About this task
Exactly the lines from the one that contains "Графік відключення світла" through the end of the material below are to be output, the first and last included.

Data below
--------------------------------

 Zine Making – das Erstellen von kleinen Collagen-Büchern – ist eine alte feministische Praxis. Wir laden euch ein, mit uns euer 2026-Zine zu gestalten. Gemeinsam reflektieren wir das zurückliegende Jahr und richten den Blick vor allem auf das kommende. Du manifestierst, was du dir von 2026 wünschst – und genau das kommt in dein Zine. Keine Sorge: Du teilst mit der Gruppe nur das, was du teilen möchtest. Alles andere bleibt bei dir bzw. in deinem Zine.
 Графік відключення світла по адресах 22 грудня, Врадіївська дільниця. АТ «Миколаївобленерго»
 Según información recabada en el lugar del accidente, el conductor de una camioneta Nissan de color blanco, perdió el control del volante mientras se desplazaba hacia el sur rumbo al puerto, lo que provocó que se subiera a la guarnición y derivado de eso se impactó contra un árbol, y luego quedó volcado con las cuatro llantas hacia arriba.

--------------------------------

Result of the task
 Графік відключення світла по адресах 22 грудня, Врадіївська дільниця. АТ «Миколаївобленерго»
 Según información recabada en el lugar del accidente, el conductor de una camioneta Nissan de color blanco, perdió el control del volante mientras se desplazaba hacia el sur rumbo al puerto, lo que provocó que se subiera a la guarnición y derivado de eso se impactó contra un árbol, y luego quedó volcado con las cuatro llantas hacia arriba.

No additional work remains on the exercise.